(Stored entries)
********************
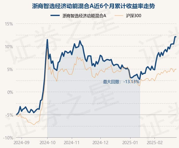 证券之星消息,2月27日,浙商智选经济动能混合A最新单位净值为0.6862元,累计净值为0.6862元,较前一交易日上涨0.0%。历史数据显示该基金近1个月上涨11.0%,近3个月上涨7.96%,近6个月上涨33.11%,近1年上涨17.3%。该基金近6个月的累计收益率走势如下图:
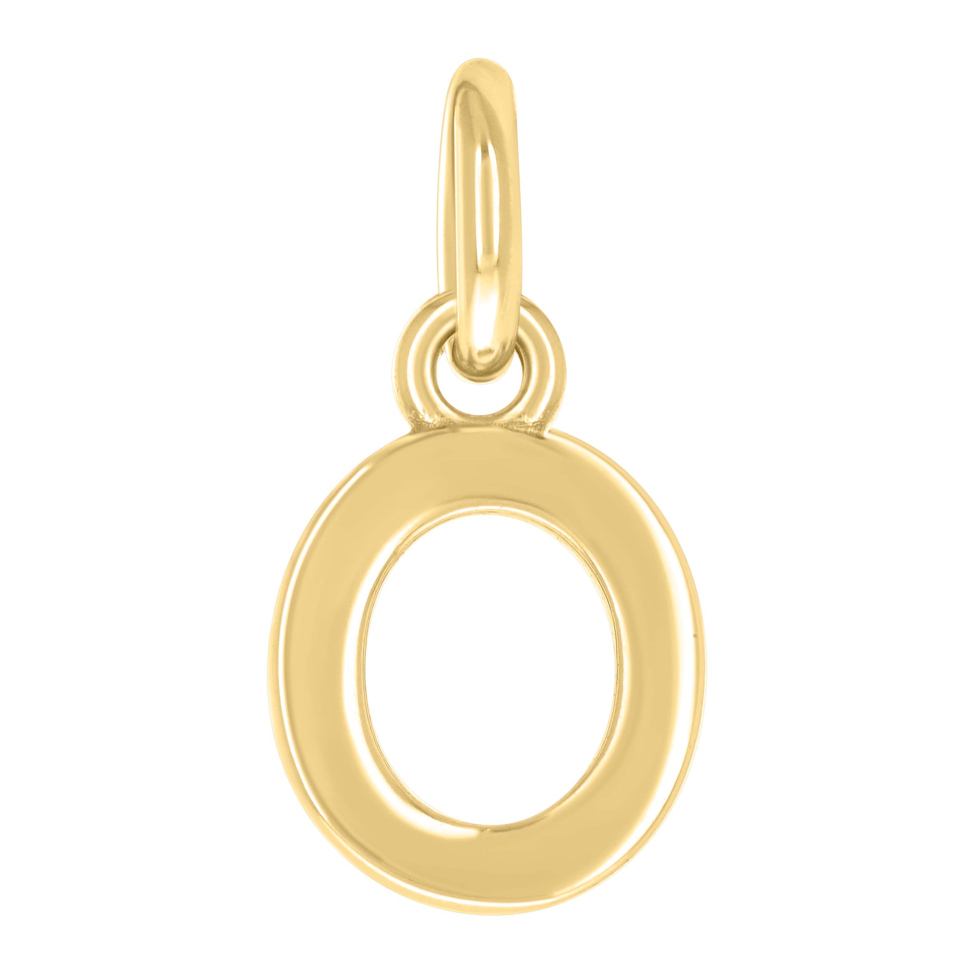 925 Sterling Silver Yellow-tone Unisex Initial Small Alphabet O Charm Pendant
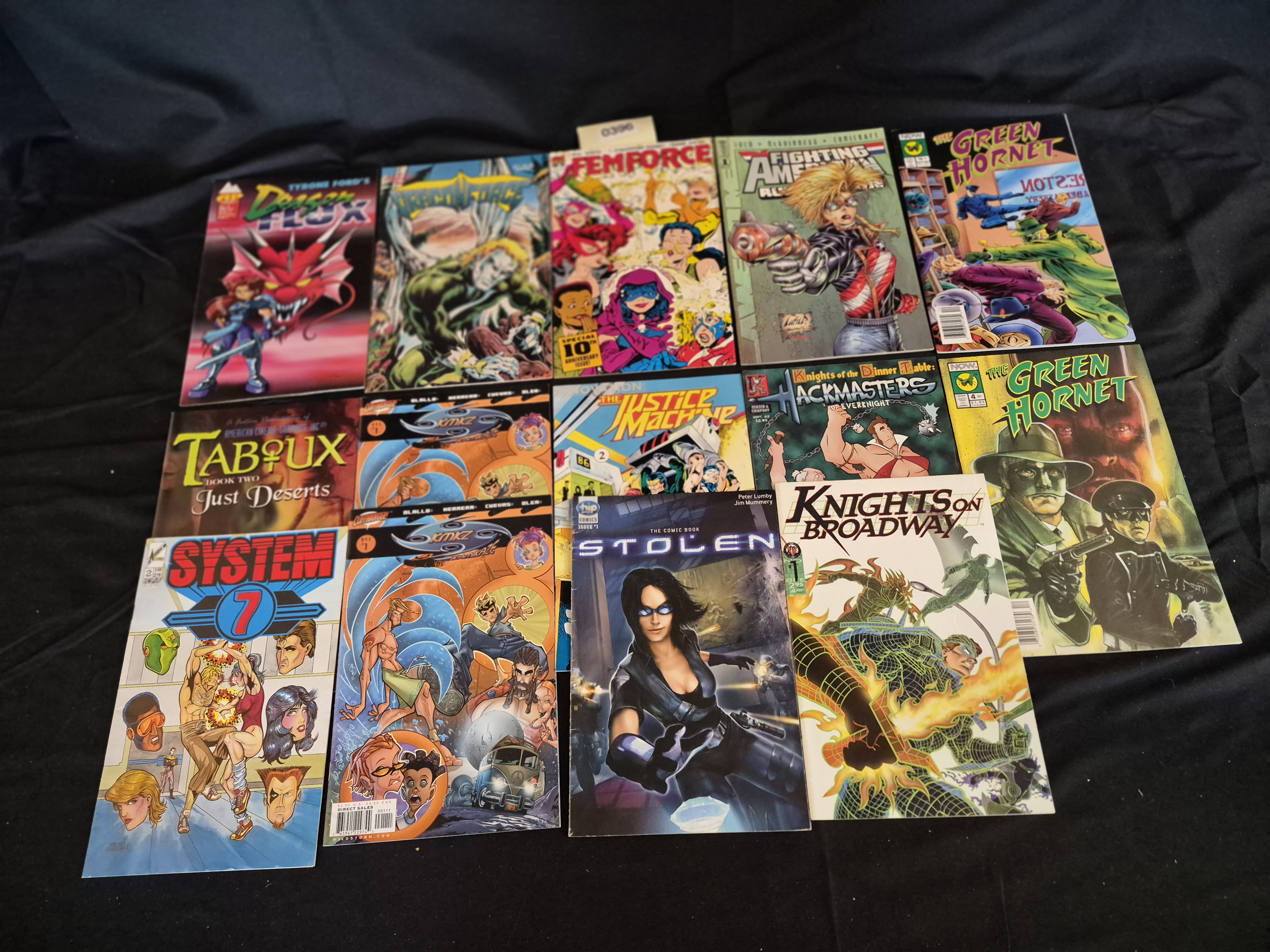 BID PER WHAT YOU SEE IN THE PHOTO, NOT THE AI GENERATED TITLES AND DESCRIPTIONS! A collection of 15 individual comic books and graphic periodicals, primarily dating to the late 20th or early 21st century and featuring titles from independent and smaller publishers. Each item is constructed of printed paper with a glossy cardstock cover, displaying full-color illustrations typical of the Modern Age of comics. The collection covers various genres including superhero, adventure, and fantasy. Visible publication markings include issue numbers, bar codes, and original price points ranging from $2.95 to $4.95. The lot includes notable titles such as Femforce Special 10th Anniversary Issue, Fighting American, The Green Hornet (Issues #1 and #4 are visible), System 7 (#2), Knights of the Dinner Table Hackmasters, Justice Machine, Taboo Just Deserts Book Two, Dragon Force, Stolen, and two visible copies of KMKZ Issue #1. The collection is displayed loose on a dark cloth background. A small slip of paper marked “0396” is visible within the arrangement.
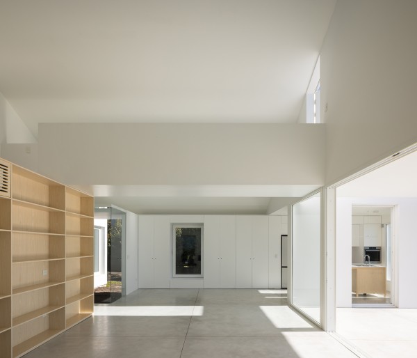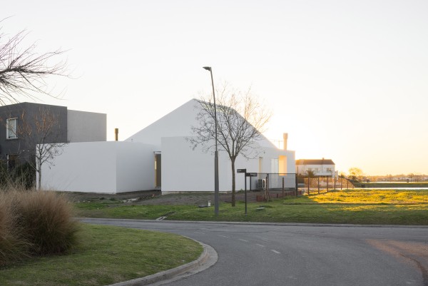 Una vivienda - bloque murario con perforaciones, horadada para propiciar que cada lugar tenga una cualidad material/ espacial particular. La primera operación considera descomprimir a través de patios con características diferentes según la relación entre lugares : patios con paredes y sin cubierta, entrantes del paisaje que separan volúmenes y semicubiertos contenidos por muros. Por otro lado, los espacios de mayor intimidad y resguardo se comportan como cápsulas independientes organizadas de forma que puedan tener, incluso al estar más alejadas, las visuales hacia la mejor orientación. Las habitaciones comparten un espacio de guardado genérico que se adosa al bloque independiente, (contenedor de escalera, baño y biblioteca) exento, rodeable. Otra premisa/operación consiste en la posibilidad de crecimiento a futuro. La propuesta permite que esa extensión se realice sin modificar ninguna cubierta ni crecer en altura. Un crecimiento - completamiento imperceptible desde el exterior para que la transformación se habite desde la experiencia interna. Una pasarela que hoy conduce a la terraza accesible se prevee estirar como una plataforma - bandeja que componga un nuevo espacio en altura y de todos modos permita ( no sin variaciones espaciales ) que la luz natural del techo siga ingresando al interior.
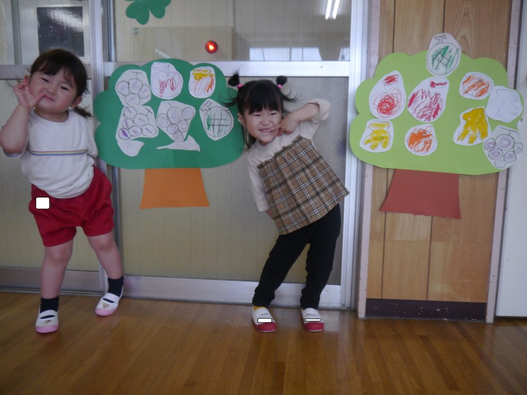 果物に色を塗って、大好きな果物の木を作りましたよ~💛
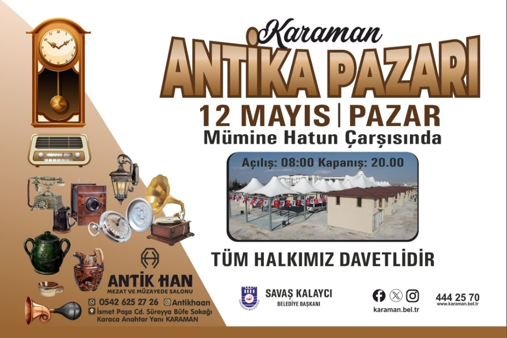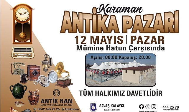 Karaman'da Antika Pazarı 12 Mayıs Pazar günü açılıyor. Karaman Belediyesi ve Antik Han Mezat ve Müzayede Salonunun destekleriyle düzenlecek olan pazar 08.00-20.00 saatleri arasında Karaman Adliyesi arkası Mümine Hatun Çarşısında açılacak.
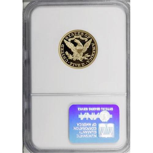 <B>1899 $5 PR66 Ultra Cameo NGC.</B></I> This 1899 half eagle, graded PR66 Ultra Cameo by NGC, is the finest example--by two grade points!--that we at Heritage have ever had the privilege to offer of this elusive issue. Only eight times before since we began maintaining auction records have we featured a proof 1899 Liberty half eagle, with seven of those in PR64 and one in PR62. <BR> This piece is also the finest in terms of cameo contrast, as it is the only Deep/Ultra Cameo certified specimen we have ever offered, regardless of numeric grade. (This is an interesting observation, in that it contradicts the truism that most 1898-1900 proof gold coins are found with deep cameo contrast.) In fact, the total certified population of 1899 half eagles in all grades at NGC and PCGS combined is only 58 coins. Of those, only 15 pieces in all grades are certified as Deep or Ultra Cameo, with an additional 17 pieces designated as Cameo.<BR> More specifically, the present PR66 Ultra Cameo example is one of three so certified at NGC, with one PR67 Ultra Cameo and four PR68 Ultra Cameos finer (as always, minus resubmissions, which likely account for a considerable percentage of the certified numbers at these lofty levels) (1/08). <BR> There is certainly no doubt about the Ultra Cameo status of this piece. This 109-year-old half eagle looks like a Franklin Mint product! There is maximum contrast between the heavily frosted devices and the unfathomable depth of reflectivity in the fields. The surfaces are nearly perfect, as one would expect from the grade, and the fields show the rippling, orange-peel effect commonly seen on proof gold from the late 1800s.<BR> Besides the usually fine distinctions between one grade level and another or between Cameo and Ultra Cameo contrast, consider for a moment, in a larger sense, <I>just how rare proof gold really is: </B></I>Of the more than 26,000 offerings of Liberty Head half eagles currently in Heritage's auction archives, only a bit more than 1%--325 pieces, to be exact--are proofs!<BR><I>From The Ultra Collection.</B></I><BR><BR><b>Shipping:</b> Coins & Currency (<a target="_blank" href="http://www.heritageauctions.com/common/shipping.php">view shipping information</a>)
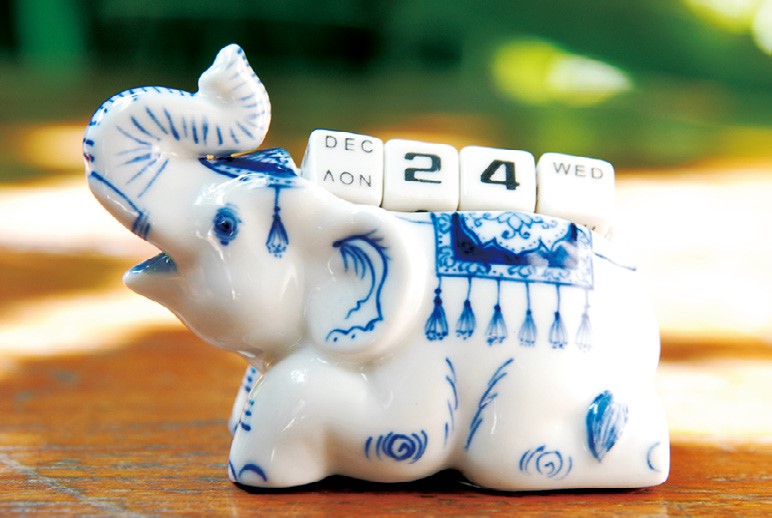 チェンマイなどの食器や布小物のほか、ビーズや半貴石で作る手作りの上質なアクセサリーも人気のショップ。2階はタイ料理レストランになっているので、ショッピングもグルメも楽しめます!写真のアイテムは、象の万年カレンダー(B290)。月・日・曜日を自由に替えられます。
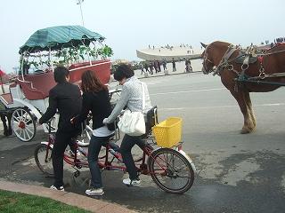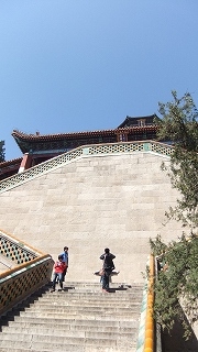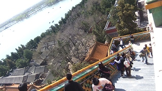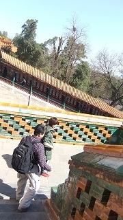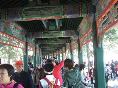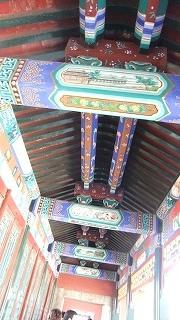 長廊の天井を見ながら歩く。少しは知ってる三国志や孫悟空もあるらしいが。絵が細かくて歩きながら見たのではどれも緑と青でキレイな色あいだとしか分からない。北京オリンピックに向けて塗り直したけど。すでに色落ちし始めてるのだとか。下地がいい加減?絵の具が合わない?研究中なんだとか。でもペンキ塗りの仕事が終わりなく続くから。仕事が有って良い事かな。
********************
* **EXERCISE PROMPT**
What is needed is an exact copy of only the lines from the line containing "チェンマイなどの食器や布小物" through the last line of the entries, inclusive, without the pictures.

* **RESULT**
 チェンマイなどの食器や布小物のほか、ビーズや半貴石で作る手作りの上質なアクセサリーも人気のショップ。2階はタイ料理レストランになっているので、ショッピングもグルメも楽しめます!写真のアイテムは、象の万年カレンダー(B290)。月・日・曜日を自由に替えられます。
 長廊の天井を見ながら歩く。少しは知ってる三国志や孫悟空もあるらしいが。絵が細かくて歩きながら見たのではどれも緑と青でキレイな色あいだとしか分からない。北京オリンピックに向けて塗り直したけど。すでに色落ちし始めてるのだとか。下地がいい加減?絵の具が合わない?研究中なんだとか。でもペンキ塗りの仕事が終わりなく続くから。仕事が有って良い事かな。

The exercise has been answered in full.